Exercise objective: Scan the entries below for the word "with" and copy every line in which it occurs.

Stored data entries:

-- Opening Marker --

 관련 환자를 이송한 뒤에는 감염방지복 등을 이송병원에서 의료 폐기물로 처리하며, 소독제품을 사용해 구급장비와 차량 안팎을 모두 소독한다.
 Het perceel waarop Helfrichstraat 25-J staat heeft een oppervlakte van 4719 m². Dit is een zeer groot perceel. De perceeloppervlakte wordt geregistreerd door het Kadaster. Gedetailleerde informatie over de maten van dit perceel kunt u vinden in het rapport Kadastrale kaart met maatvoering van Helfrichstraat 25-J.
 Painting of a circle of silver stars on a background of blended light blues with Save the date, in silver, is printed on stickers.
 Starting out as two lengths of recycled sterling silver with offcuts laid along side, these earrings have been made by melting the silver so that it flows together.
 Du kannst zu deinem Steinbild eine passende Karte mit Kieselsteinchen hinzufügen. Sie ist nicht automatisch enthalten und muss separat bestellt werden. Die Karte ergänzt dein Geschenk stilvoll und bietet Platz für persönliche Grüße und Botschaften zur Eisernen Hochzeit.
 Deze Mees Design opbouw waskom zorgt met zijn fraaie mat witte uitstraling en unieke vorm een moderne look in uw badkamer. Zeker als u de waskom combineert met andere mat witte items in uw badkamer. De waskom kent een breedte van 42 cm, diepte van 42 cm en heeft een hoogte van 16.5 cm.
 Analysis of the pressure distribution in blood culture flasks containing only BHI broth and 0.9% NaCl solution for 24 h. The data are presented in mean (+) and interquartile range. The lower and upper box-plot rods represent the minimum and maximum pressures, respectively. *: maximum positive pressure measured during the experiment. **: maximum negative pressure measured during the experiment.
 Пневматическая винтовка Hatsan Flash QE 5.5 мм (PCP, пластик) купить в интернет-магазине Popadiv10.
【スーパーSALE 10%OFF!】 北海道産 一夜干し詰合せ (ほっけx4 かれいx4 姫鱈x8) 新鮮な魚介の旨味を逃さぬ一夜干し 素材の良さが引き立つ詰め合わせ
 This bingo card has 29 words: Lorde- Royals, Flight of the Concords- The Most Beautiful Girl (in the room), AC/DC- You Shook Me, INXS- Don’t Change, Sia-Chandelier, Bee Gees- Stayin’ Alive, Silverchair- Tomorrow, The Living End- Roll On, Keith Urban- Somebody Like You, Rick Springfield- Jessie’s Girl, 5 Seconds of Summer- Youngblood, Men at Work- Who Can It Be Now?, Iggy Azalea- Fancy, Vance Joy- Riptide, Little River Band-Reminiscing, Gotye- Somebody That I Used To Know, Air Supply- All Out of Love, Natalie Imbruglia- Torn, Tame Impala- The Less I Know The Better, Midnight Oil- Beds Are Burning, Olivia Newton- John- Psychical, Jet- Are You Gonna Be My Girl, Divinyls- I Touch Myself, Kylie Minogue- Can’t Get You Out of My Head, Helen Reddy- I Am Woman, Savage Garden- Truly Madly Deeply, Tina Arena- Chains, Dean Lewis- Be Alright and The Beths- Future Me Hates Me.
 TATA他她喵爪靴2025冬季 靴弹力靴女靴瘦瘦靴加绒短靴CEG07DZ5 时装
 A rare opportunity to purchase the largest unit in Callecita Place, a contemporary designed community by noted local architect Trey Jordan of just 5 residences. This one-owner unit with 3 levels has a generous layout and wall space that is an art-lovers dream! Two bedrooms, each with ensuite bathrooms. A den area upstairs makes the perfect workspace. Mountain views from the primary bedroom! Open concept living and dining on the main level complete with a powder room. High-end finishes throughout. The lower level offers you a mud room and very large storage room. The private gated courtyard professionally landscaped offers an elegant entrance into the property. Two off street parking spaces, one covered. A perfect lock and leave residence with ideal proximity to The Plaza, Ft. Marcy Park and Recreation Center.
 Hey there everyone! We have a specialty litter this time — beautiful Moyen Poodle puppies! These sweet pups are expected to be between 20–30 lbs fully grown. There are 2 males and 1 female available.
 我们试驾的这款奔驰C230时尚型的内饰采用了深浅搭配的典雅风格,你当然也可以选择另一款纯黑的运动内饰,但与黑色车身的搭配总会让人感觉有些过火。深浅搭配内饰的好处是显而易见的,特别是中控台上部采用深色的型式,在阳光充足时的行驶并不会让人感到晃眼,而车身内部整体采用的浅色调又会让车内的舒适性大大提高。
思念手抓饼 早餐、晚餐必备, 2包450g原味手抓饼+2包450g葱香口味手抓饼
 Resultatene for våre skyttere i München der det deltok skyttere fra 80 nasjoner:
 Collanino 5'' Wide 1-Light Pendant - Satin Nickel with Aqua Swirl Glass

-- Closing Marker --

Solved exercise:
 Painting of a circle of silver stars on a background of blended light blues with Save the date, in silver, is printed on stickers.
 Starting out as two lengths of recycled sterling silver with offcuts laid along side, these earrings have been made by melting the silver so that it flows together.
 A rare opportunity to purchase the largest unit in Callecita Place, a contemporary designed community by noted local architect Trey Jordan of just 5 residences. This one-owner unit with 3 levels has a generous layout and wall space that is an art-lovers dream! Two bedrooms, each with ensuite bathrooms. A den area upstairs makes the perfect workspace. Mountain views from the primary bedroom! Open concept living and dining on the main level complete with a powder room. High-end finishes throughout. The lower level offers you a mud room and very large storage room. The private gated courtyard professionally landscaped offers an elegant entrance into the property. Two off street parking spaces, one covered. A perfect lock and leave residence with ideal proximity to The Plaza, Ft. Marcy Park and Recreation Center.
 Collanino 5'' Wide 1-Light Pendant - Satin Nickel with Aqua Swirl Glass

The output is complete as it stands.